By Gordon Hull
Over at Larval Subjects, Levi Bryant has a nice post on how Marx’s distinction between C-M-C and M-C-M’ helps to explain an otherwise puzzling ideological construction. Marx’s distinction, arrived at in chapter 4 of Capital, is about how commodities circulate. In the C-M-C formula, we consider someone who starts with a commodity, sells it, and uses the proceeds to buy another one. For example, I start with a shirt, sell it, and use the money to buy some bread. In this formula, a couple of things become apparent: use value is both the beginning and end of the process insofar as the individual offers up something she doesn’t have a use for (or has less of a use for), and essentially trades it for something she has a greater use for. In contemporary economic-speak, the market is efficiently helping individuals satisfy their preferences, by moving goods to whoever values them the most. This is the perspective of the worker, who sells his labor for money.

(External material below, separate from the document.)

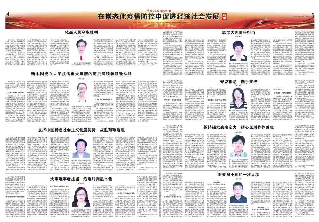 5月7日,中国社会科学院主管主办的《中国社会科学报》以“在常态化疫情防控中促进经济社会发展”为主题,专版刊发我校金年金字招牌诚信至上八位教师的“疫情防控专题研究”理论文章,分别是:贺瑞教授撰写的《依靠人民夺取胜利》、李春晖教授撰写的《彰显大国责任担当》、王立华教授撰写的《新中国成立以来抗击重大疫情的历史回顾和经验总结》、付桂军教授撰写的《守望相助,携手共进》、齐百顺教授撰写的《发挥中国特色社会主义制度优势,战胜艰难险阻》、李卉青副教授撰写的《大事难事看担当,危难时刻显本色》、张瑞军副教授撰写的《保持强大战略定力,精心谋划善作善成》和妥斯根博士撰写的《对党员干部的一次大考》。

The M-C-M’ relation is one that the capitalist uses. Here, the capitalist has money, sells it to get a commodity, and then sells the commodity for more money than he paid for it. As a result, he has more money at the end of the day than before. Marx emphasizes the M-C-M’ relation because it helps to get him to labor as the source of value: whatever commodity occupies the middle place in the M-C-M’ relation has to be one the use of which increases its value. The answer, of course, is labor.